Task to carry out: From the line containing "Personalized Name Bluey" to the last line of the data below, copy everything exactly and nothing else; pictures stay out.

Raw data:
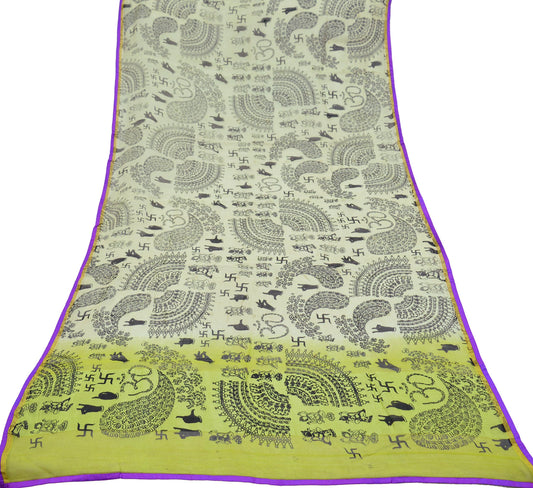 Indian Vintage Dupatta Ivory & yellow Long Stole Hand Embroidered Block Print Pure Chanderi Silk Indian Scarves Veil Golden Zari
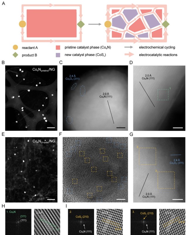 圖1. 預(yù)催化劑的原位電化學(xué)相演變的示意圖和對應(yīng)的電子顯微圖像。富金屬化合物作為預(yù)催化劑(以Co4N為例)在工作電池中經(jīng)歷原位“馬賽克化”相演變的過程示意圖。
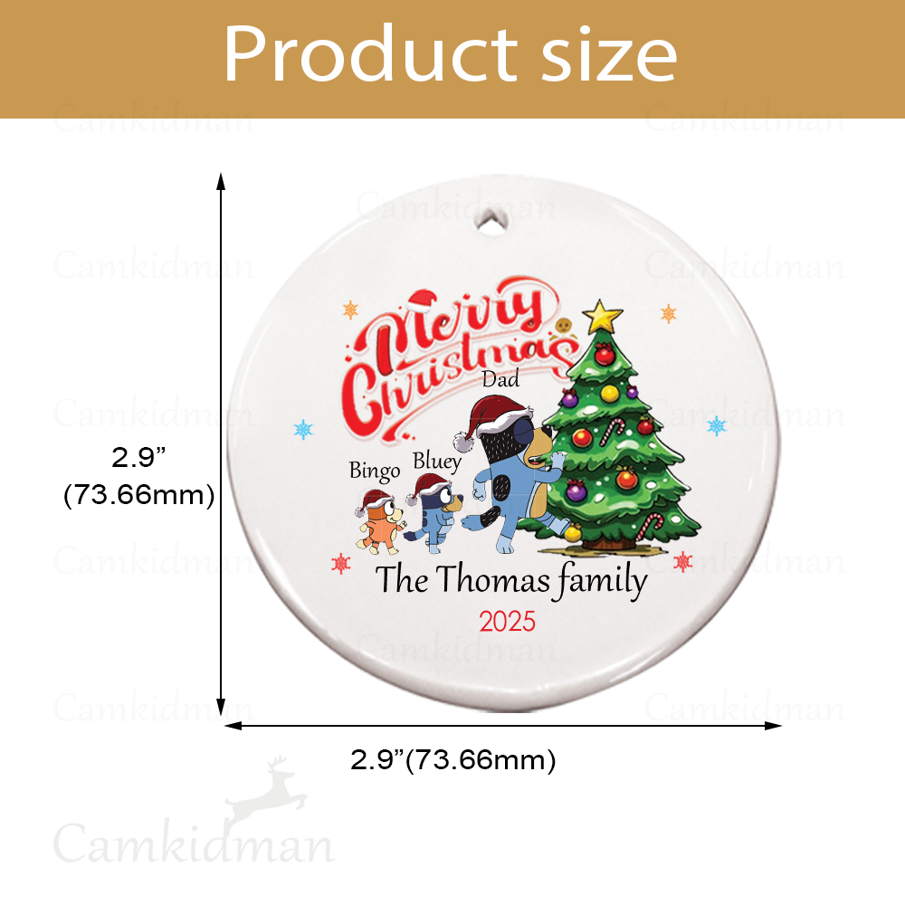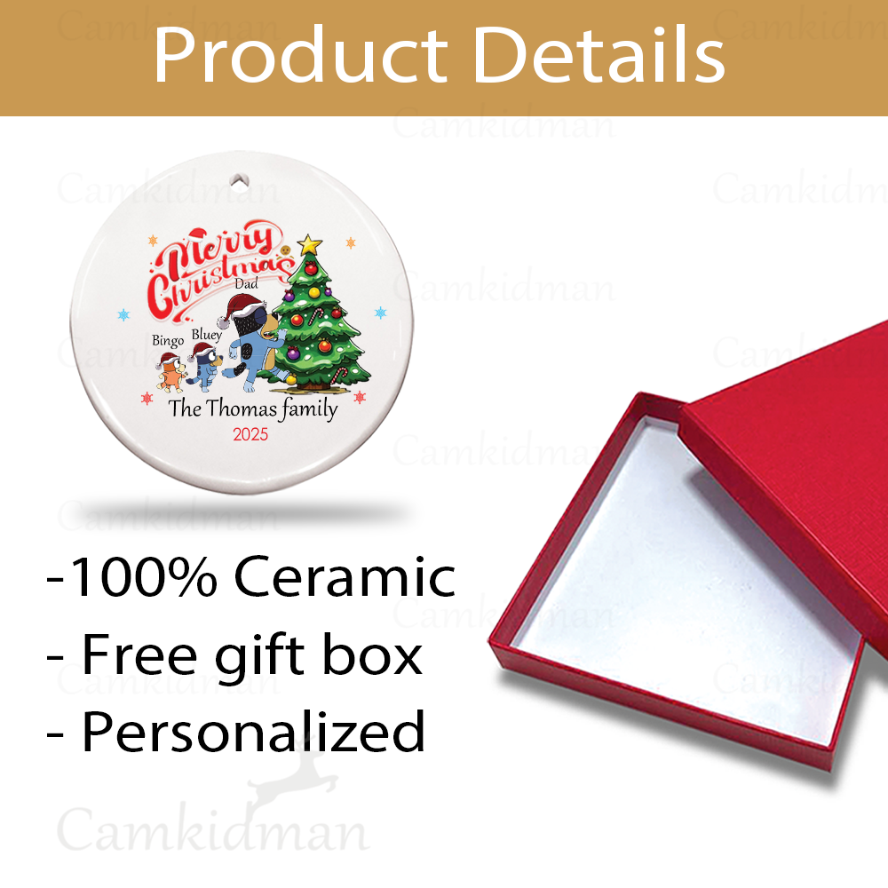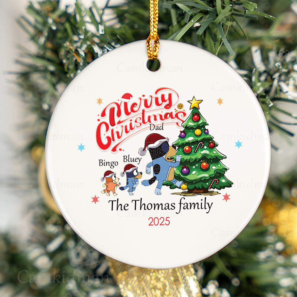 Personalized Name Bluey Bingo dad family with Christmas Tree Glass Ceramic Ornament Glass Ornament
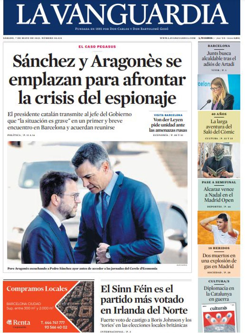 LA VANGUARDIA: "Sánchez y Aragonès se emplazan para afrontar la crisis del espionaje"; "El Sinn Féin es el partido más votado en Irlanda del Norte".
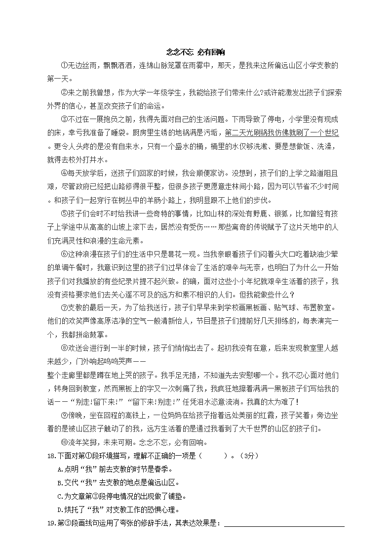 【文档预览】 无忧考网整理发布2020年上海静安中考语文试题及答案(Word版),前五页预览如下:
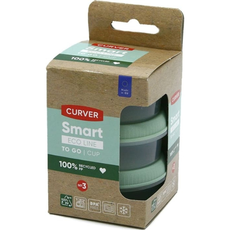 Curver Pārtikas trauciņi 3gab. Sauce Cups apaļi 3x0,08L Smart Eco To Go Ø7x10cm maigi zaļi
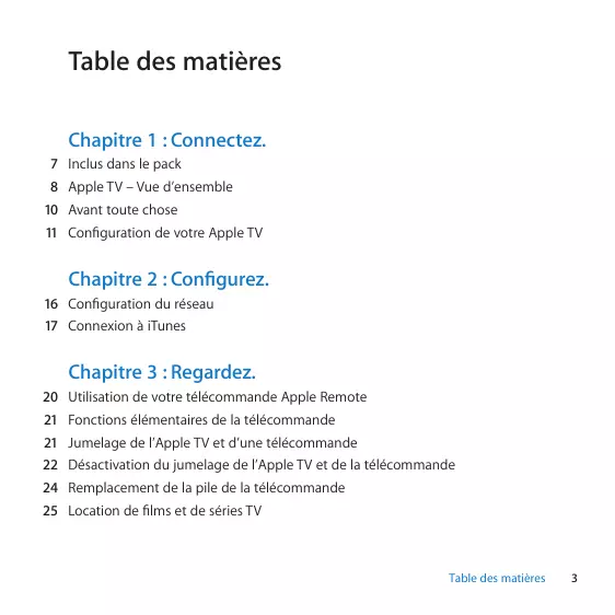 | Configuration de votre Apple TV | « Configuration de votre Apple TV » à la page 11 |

Output:
 Personalized Name Bluey Bingo dad family with Christmas Tree Glass Ceramic Ornament Glass Ornament
 LA VANGUARDIA: "Sánchez y Aragonès se emplazan para afrontar la crisis del espionaje"; "El Sinn Féin es el partido más votado en Irlanda del Norte".
 【文档预览】 无忧考网整理发布2020年上海静安中考语文试题及答案(Word版),前五页预览如下:
 Curver Pārtikas trauciņi 3gab. Sauce Cups apaļi 3x0,08L Smart Eco To Go Ø7x10cm maigi zaļi
 | Configuration de votre Apple TV | « Configuration de votre Apple TV » à la page 11 |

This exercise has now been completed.